The serine-threonine kinase AKT (known also as Protein Kinase B) phosphorylates various protein substrates to regulate many key physiological processes, such as cell cycle, glucose metabolism, cell growth and survival, angiogenesis and protein synthesis (Brazil, et al. (2002) Cell 111:293-303). Stimulation of its catalytic activity is triggered by phosphatidylinositol 3 kinase and results from the PtdIns(3,4,5)P-dependent recruitment of AKT, from the cytoplasm to the membrane, as well as the phosphorylation of two regulatory residues, Thr-308 and Ser-473. Phosphorylation of Thr-308, catalyzed by PDK-1, is required for AKT activity, and this activity is augmented, ˜10 fold, by Ser-473 phosphorylation (Alessi, et al. (1996) EMBO J. 15:6541-6551; Brazil, et al. (2002) supra).
Protein Kinase A (PKA) is ubiquitously expressed in mammalian cells and regulates important cellular processes such as growth, development, memory, metabolism, gene expression, and lipolysis. The PKA holoenzyme exists as an inactive complex and is composed of two catalytic (PKAc) and regulatory (PKA RI & RII) subunits. Binding of cAMP facilitates the dissociation and activation of catalytic subunits. Each catalytic subunit is composed of a small and large lobe, with the active site forming a cleft between the two lobes. The small lobe provides the binding site for ATP, and the large lobe provides catalytic residues and a docking surface for peptide/protein substrates. The activation loop in the large lobe contains a phosphorylation site, Thr-197, which is essential for catalysis (Adams, et al. (1995) Biochemistry 34:2447-2454).

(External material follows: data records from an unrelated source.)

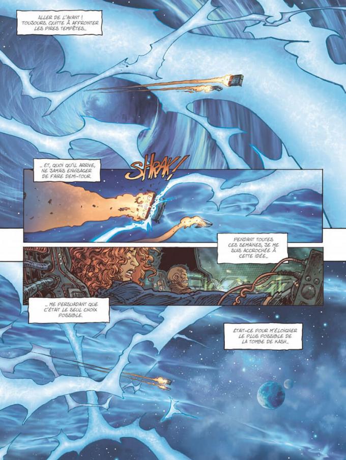 S’il est des auteurs osant faire subir à leur héroïne plus que ce que l’on pensait possible, ce sont bien les Tarquin. Après le cycle du Cristal Rouge, ils embarquent Mony dans un one shot, une course à la vie dont elle ne ressortira pas indemne. On sait qu’il ne faut s’attacher à personne. Kash en a déjà fait les frais contre toute attente. Sa testostérone va être remplacée par celle de Shaël, héritier des Cosmocats, qui prend un rôle prépondérant et semble s’apprêter à passer au premier plan dans le futur.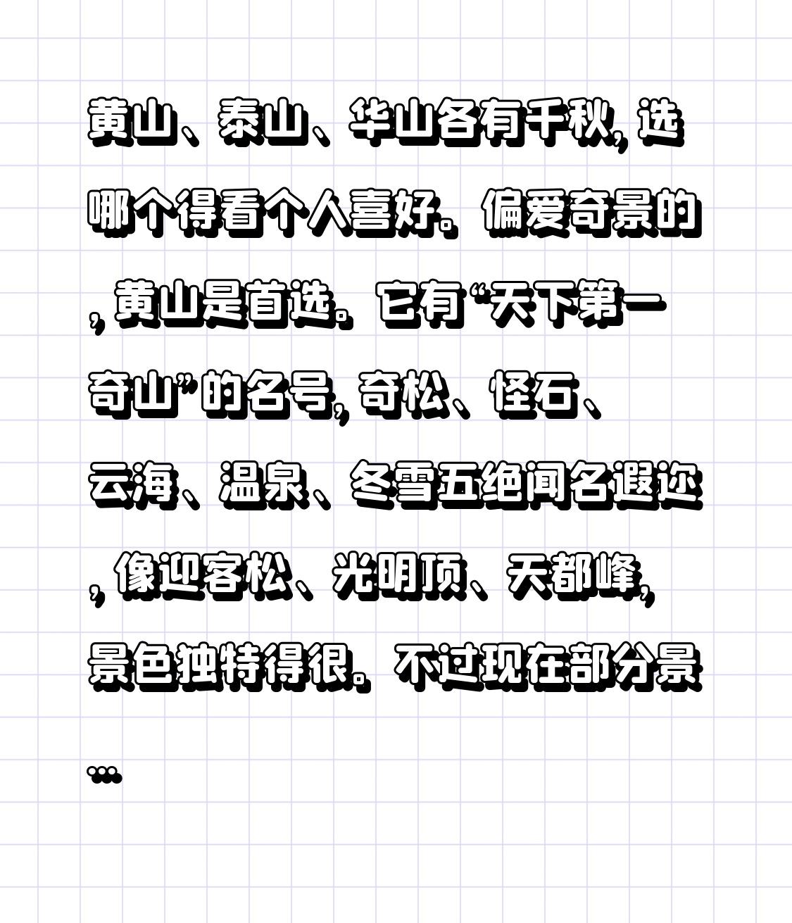 黄山、泰山、华山各有千秋,选哪个得看个人喜好。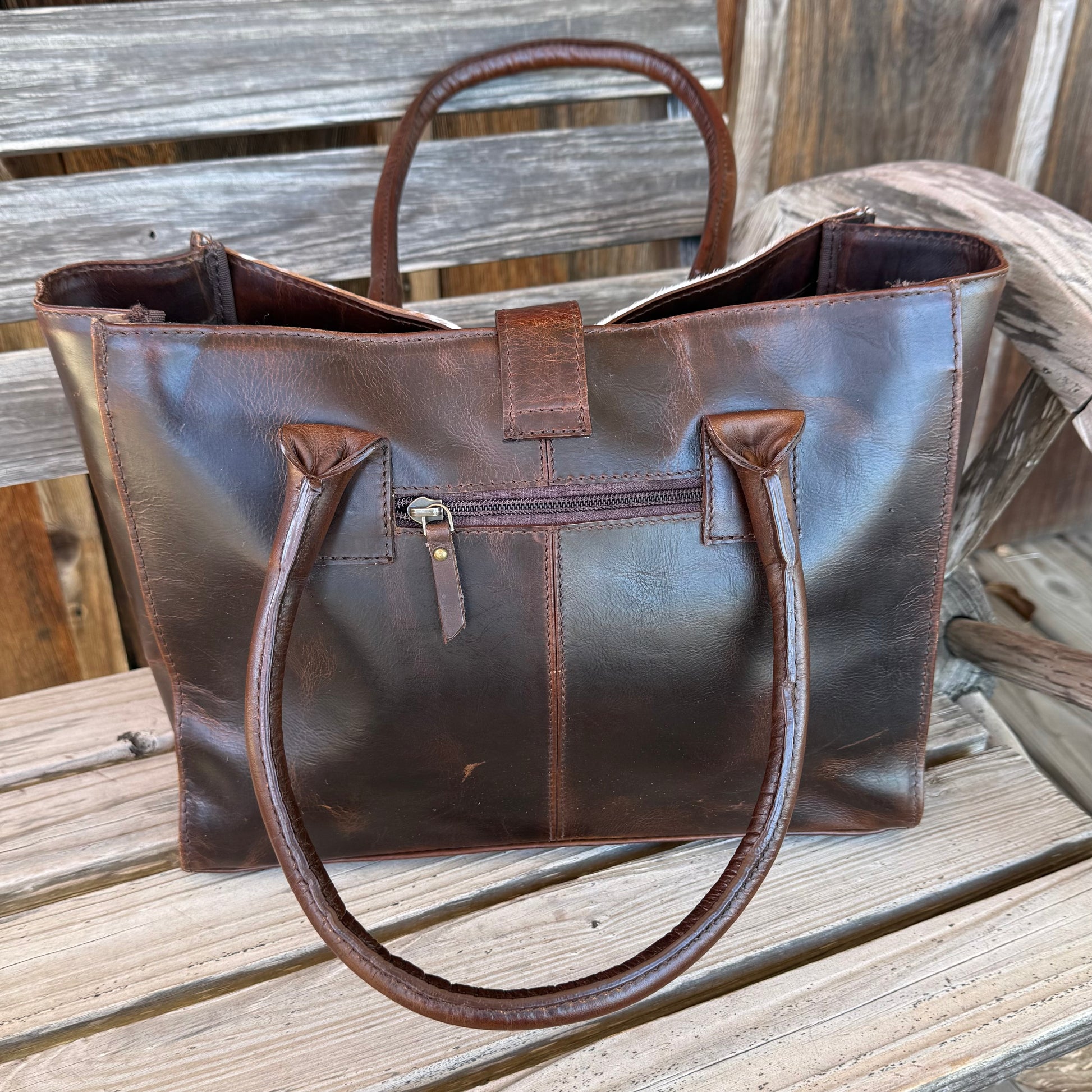 Brown & White Hair on Cowhide Shoulder Bag. This shoulder bag features brown & white hair on cowhide, double shoulder straps, a leather accent bottom with brass foot, outside & inside pockets and a magnetic buckle closure. Measures Approx. 10" H x 13" W.

Deregulation of AKT signaling pathway is known to be directly associated with some of the most prevalent and incurable human disorders such as cancer, neurodegenerative and psychiatric brain disorders (Blain and Massague (2002) Nat. Med. 8:1076-1078; Brazil, et al. (2004) Trends Biochem. Sci. 29:233-242; Chen, et al. (2003) Cell 113:457-468; Colin, et al. (2005) Eur. J. Neurosci. 21:1478-1488; Emamian, et al. (2004) Nat. Genetics 36:131-137; Griffin, et al. (2005) J. Neurochem. 93:105-117; Liang, et al. (2002) Nat. Med. 8:1153-1160; Shin, et al. (2002) Nat. Med. 8:1145-1152; Viglietto, et al. (2002) Nat. Med. 8:1136-1144). It is well-established that the hyperactivity of AKT is part of the pathologic process in several types of the most prevalent human malignancies (Brazil, et al. (2004) supra), including breast cancer, prostate cancer, lung cancer, gastrointestinal tumors, pancreatic cancer, hepatocellular carcinoma, thyroid cancer, and central nervous system malignancies (such as glioblastoma and gliomas). Association of AKT function with several neurodegenerative brain disorders such as the Alzheimer's disease (AD), Huntington's disease (HD), spinocerebellar ataxia type 1 (SCA1), and amyotrophic lateral sclerosis (ALS), have also been reported (Griffin, et al. (2005) supra; Colin, et al. (2005) supra; Saudou, et al. (1998) Cell 95:55-66; Chen, et al. (2003) supra; Emamian, et al. (2003)Neuron 38:375-387; Kaspar, et al. (2003)Science 301:839-842).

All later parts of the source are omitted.